まず、グロスカバースリップ上のHEK293A細胞を、高グルコースDMEMを含む24ウェルプレートに入れ、80%コンフルエントになるまで播種します。翌日、アールの平衡塩溶液で2時間細胞を飢餓状態にした。処理後、培地を吸引し、PBSに500マイクロリットルまたは4%ホルムアルデヒド溶液を加え、室温で20分間インキュベートして細胞を固定します。
固定後、ホルムアルデヒド溶液を500マイクロリットルのPBSと交換します。次に、PBSに500マイクロリットルの50ミリモル塩化アンモニウム溶液を加えて、室温で10分間、遊離アルデヒド基をクエンチします。塩化アンモニウム溶液を500マイクロリットルの50マイクログラム/ミリリットルのジギトニン溶液とPBS溶液で5分間交換し、細胞を透過させます。
透過処理後、ジギトニン溶液を500マイクロリットルのPBSと交換し、PBS洗浄を3回繰り返します。最後の洗浄後、細胞を500マイクロリットルのブロッキング溶液中で室温で30分間インキュベートします。インキュベーション後、ブロッキング溶液を500マイクロリットルのPBSと交換します。
次に、ピンセットを使用して、ウェルからカバースリップを収集し、薄いティッシュワイプを使用して余分なPBSを取り除きます。加湿チャンバー内で、細胞側を下にしてカバースリップを50マイクロリットルの一次抗体溶液に静かに置きます。加湿チャンバー内で細胞を室温で1時間インキュベートします。

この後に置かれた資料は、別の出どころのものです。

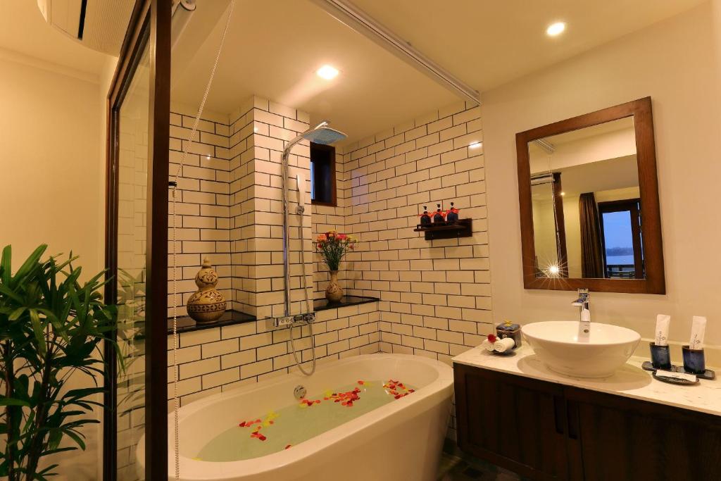 Phòng tắm hiện đại, trang bị đầy đủ phòng tắm đứng cùng vòi hoa sen. Các đồ dùng vệ sinh như áo choàng tắm, khăn tắm, sữa tắm đều được chuẩn bị đầy đủ, thay mới mỗi ngày. Đội ngũ nhân viên của Odyssey Hoi An sẽ đảm bảo cho kỳ nghỉ của du khách luôn ở điều kiện tốt nhất, xứng đáng với số tiền du khách đã bỏ ra.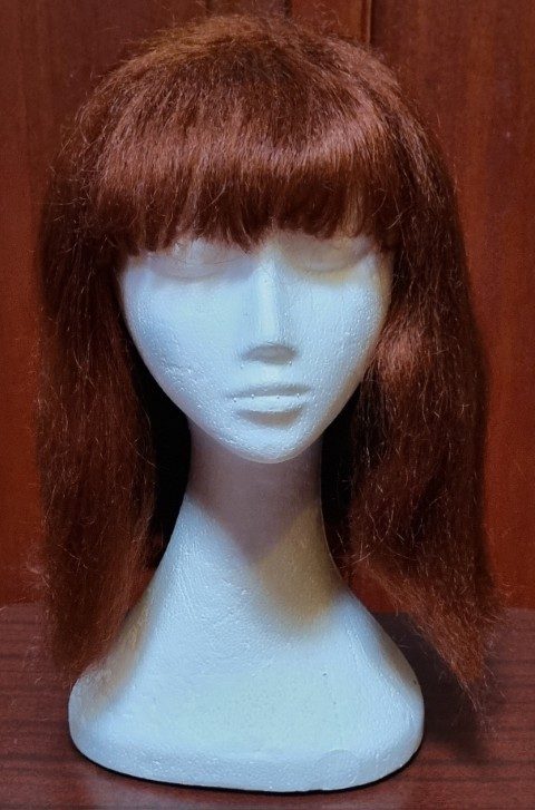 Wig, Red, shoulder length with fringe, synthetic, by ‘Carnival Products’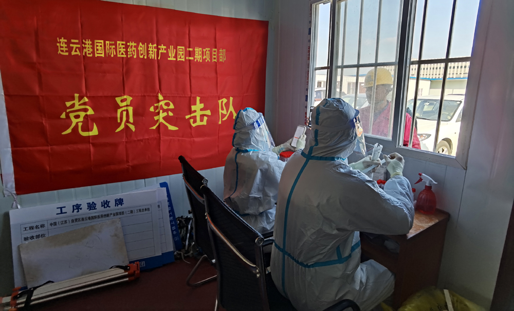 “請大家保持一米線,戴好口罩,有序參與核酸檢測,謝謝配合!”來自市級重大項目連云港國際醫藥創新產業園二期項目黨員突擊隊的成員席時棟、陳家輝喊道。據悉,該項目目前按照上級相關規定,實行閉環管理,做好相關疫情防控工作?!拔覀冺椖坎繃栏癜凑帐小㈤_發區相關規定,做好閉環施工,疫情防控、項目建設兩手抓、兩手硬。”來自集團棚戶區改造裕源三期項目負責人青年黨員徐震說道。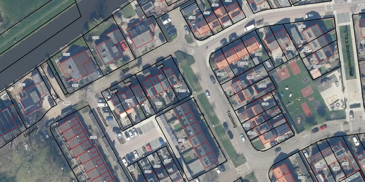 Gebruik de zoekbalk of klik op een perceel om informatie over het perceel te bekijken.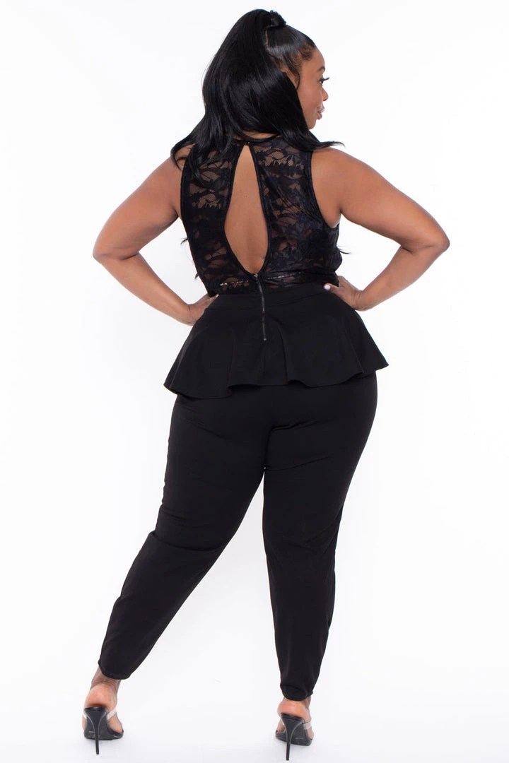 This plus size, stretch knit jumpsuit features a round neckline with a contrast lace top back keyhole with button closure, a sweetheart cut with princess seams, a self waistband, peplum detail at waist, and a skinny leg. There is a center back zipper closure.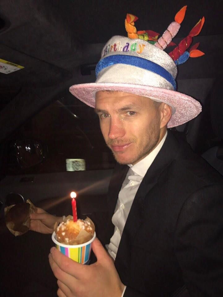 เอดิน เจโก้กับเค้กจิ๋วในมือ ในโพสกล่าวขอบคุณแฟนๆสำหรับข้อความอวยพร (cr : Edin Džeko)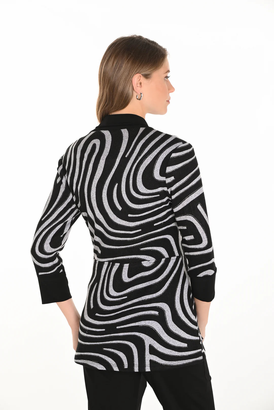 This open-front knit cardigan by Frank Lyman features a sophisticated grey and black print, combining style with comfort. Its lightweight knit fabric makes it an ideal layering piece for transitional weather, offering warmth without bulk. Designed for versatility, it effortlessly complements both casual and dressier outfits, enhancing your wardrobe with a refined, expert touch. Sleeveless top sold separately.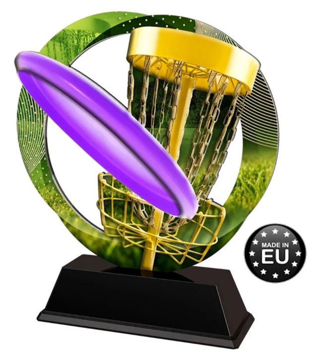 Moderne statuett i acryl og metalfyll i foten som git tyngde.

インキュベーション後、カバースリップを回収し、余分な一次抗体溶液を排出します。カバースリップをセル側を上にして24ウェルプレートに戻し、PBSで3回洗浄します。最後の洗浄後、カバースリップを回収し、余分なPBSを排出してから、各カバースリップを細胞側を下にして、50マイクロリットルの二次抗体溶液に滴下します。
加湿チャンバー内で1時間インキュベートします。インキュベーション後、余分な二次抗体溶液を排出し、24ウェルプレートで500マイクロリットルのPBSでカバースリップを3回洗浄します。余分なPBSを排出した後、加湿チャンバー内でPBSで1〜4, 000に希釈した50マイクロリットルのフック溶液に、セル側を下にして各カバースリップを置きます。

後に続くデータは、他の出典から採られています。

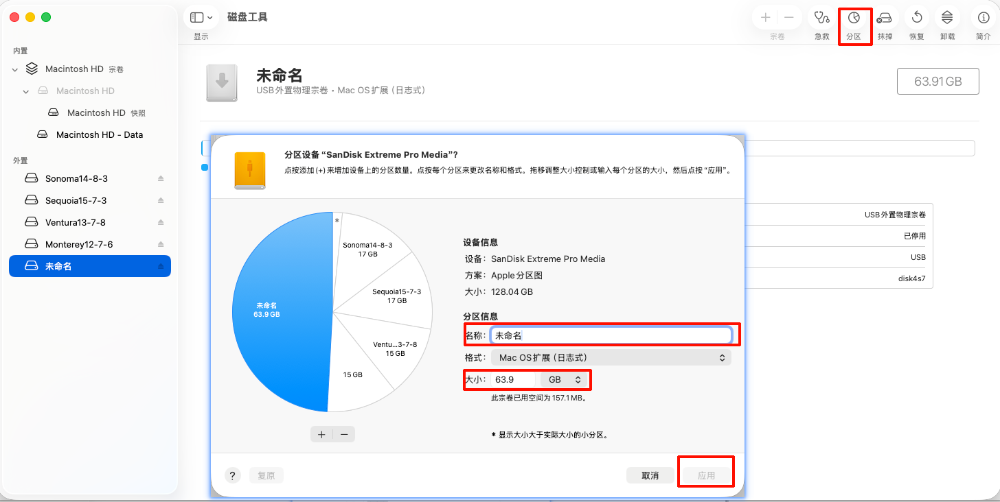 大小划分可参考MacOS各版本名称及大小,实际大小需要根据情况调整(大小的话,建议起码16G,最好20G及以上。因为我想着省点空间,一开始就给个15G,结果写入安装器的时候提示空间不足了额,也没多大事,就是重新分下区)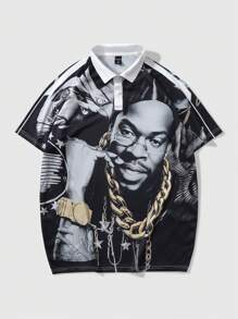 Street Life Camiseta polo casual de manga corta estampada para hombres, adecuada para primavera y verano, escuela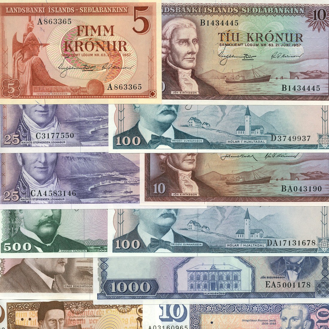 Landsbank Islands/Sedlabanki Islands, a group comprising 5, 10, 25 and 100 kronur, 1957 issue, 10, 25, 100, 500, 1000 and 5000 kronur, 1961 issue, 10, 50, 100, 500, 1000 and 5000 kronur, 1981-86 issue, 500, 1000 and 2000 kronur, 1994-00 issue, 500 (2), 1000 and 5000 kronur, 2001 issue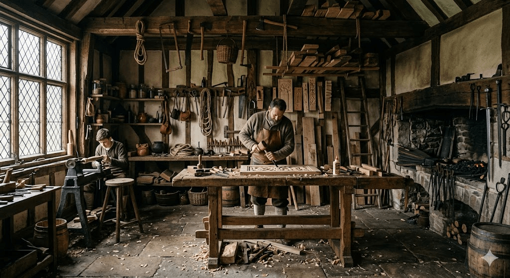 Step into the 16th Century: A glimpse inside a bustling Tudor workshop, where craftsmanship was a slow, deliberate art.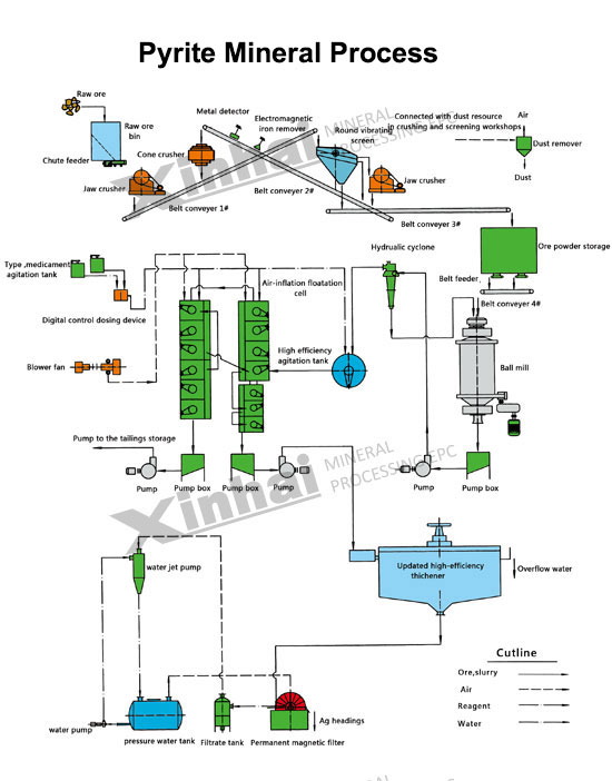Crushing, separating, grinding, classifying, flotation and concentrating is the main steps for flotation when processing pyrite.

加湿チャンバー内で5分間インキュベートします。次に、余分なフック溶液を取り除き、カバースリップをPBSで3回、脱イオン水で1回、24ウェルプレートで洗浄します。余分な脱イオン水を排出した後、気泡の形成を避けて、顕微鏡スライドにスポットされた10〜20マイクロリットルの取り付け液滴に各カバースリップを置きます。